SOLICITATION OF EMPLOYEES

INPRO and CUSTOMER agree for a period of (1) one year after termination of this agreement neither party will hire or otherwise induce employees of either company to leave the employ of either company for any reason whatsoever, unless agreed in writing by both parties.

TERMINATION

CUSTOMER will provide INPRO with at least 30 days notice of termination of the consulting agreement. At that time, a new contract can be signed in the event more hours are required.

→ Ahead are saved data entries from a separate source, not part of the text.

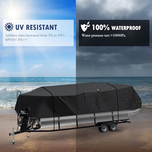 【100% Waterproof】Our boat cover has a triple-layer waterproof PU coating, resisting up to 10000 Pa water pressure. Sealed seams with waterproof tape prevent leaks
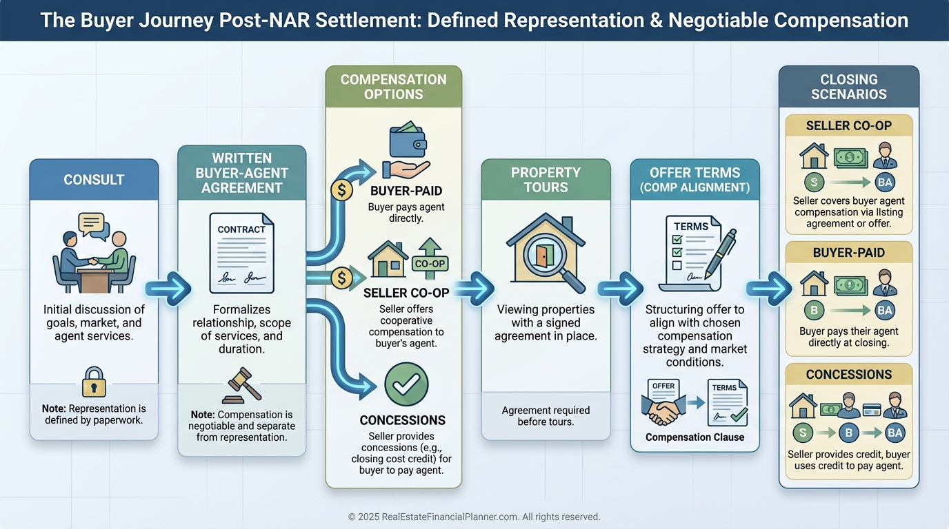 Most markets now require a written buyer‑agent agreement before you tour homes, with clear, objectively ascertainable compensation.
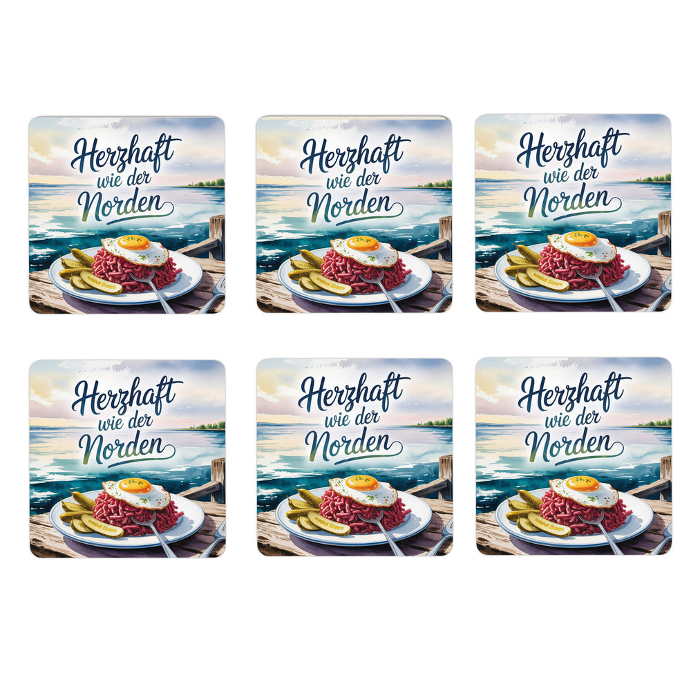 - Die Labskaus Untersetzer im 6er Set präsentieren ein Aquarellgemälde eines traditionellen Labskaus-Gerichts. Ein Corned Beef Hash, gekrönt von einem goldgelben Ei und begleitet von würzigen Gurken, alles serviert auf einem Holztisch mit Ostseeblick. Der Spruch "Herzhaft wie der Norden" rundet das maritime Design ab.
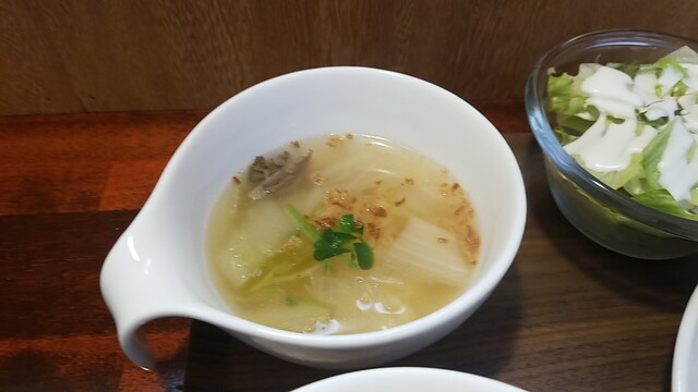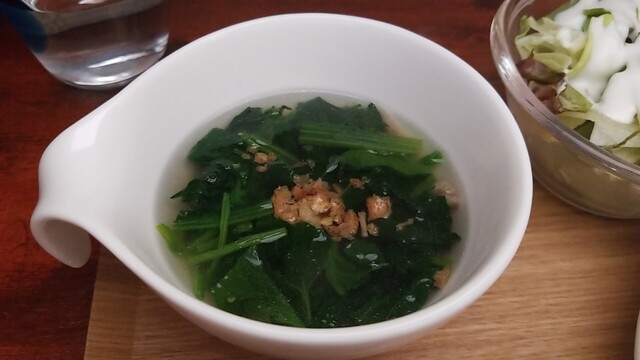 ほうれん草スープ、サラダ、キュウリのお新香、どれもいつも通りに美味い。
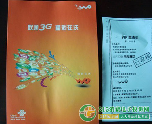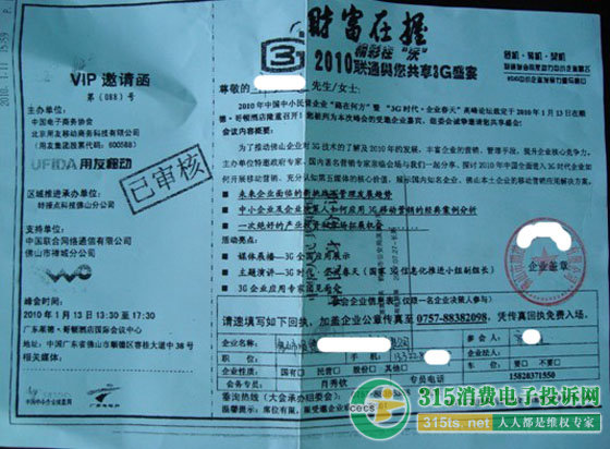 前不久,齊先生接到一個(gè)自稱中國(guó)聯(lián)通客服負(fù)責(zé)人的電話,邀他參加“3G經(jīng)濟(jì)高峰論壇”。起初他并不相信,但對(duì)方發(fā)來(lái)的“財(cái)富在握”的邀請(qǐng)函上,顯要位置確實(shí)打著“精彩在沃,聯(lián)通與您共享3G盛宴”的字樣,并且支持單位也是“中國(guó)聯(lián)合通信網(wǎng)絡(luò)有限公司佛山市禪城分公司”(詳見下圖)。一想到中國(guó)聯(lián)通是國(guó)企,也是大公司,值得依賴,再加上自己是聯(lián)通公司十幾年的老用戶,所以未加多想就答應(yīng)參加了。
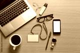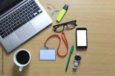 Working desk with work equipment and have copy space.
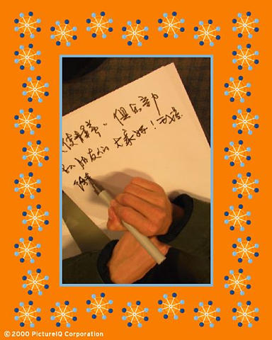 >老徐写了半天就,就,就一个字帅呀,我比你强点儿,我认为老徐最帅的字有四个——“风花雪月”最不帅的字有三个——“徐静蕾”(但比较有味道)。呵呵,这么算来,四减三,老徐的字不用说什么了,帅就一个字。</P>
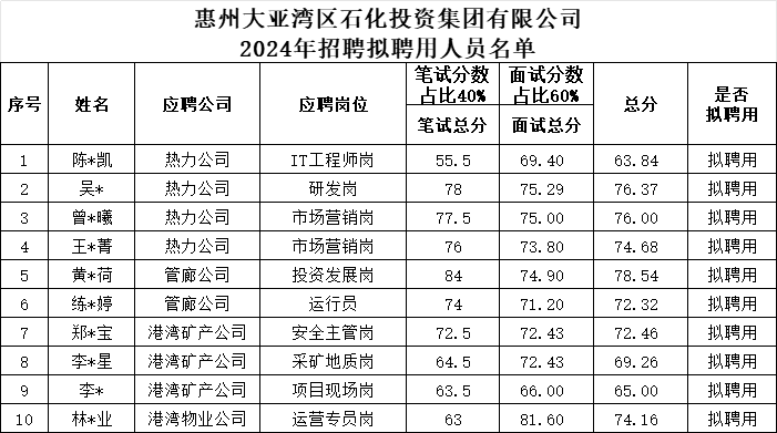 附件:惠州大亚湾区石化投资集团有限公司2024年招聘拟聘用人员名单
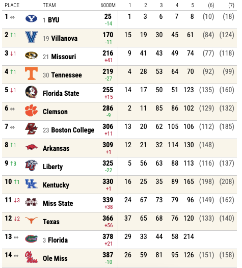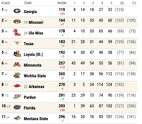Some mixed results for the Cross Country teams who competed in by far their most competitive meet of the year. The women finished 12th overall, behind 5 ranked teams but also 6 unranked teams including Arkansas who they beat head to head 2 weeks ago. They did beat #3 Florida. Overall, I think it is hard to know which teams are running their top runners and what the race strategy is for these teams (ie, are some teams focused on getting a good training day in vs running all out to win a meet) The Men had a less competitive field than the women and finished 4th, with 2 ranked teams finishing ahead of them. They beat #22 Arkansas who they lost to head to head 2 weeks ago. SEC Championships in 2 weeks and regionals 2 weeks after that. I don't think we will know what to expect until it happens. -
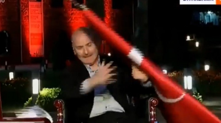 "Anadolu Soruyor" programında soruları yanıtlayan Süleyman Soylu'nun yanında bulunan Türk bayrağı rüzgar nedeniyle üzerine devrildi.

Prices quoted above are only good if executed within 15 days of the date of the contract and are subject to change at INPRO's discretion with 15 days notice to above client. After 15 days we will need to requote the contract.

MODIFICATION OF SERVICES

The parties may at any time modify the scope of the Service Agreement. Such modification of services shall be reduced to writing and signed if agreed to by both parties to this agreement. Said modification of services shall become incorporated into the terms and conditions of this agreement.

PROPERTY

The conversion of programs performed by INPRO under the terms of this agreement, including but not limited to computer programs, and operation instructions will be considered solely the property of the CUSTOMER and will not be considered works for hire.

WARRANTY

INPRO makes no warranty, express or implied, including the warranty or merchantability of warranty of fitness for a particular purpose, of any kind WHATSOVER, and all such warranties are hereby excluded by INPRO and waived by CUSTOMER.

ACCEPTANCE OF SERVICE

The final product of the service will be a system which has the converted features listed in Attachment A. In addition, the converted system must perform the same functions in the same manner as did the system prior to the conversion. The CUSTOMER will supply test data and expected results which will be used by INPRO to test the system prior to CUSTOMER'S Final Acceptance Testing.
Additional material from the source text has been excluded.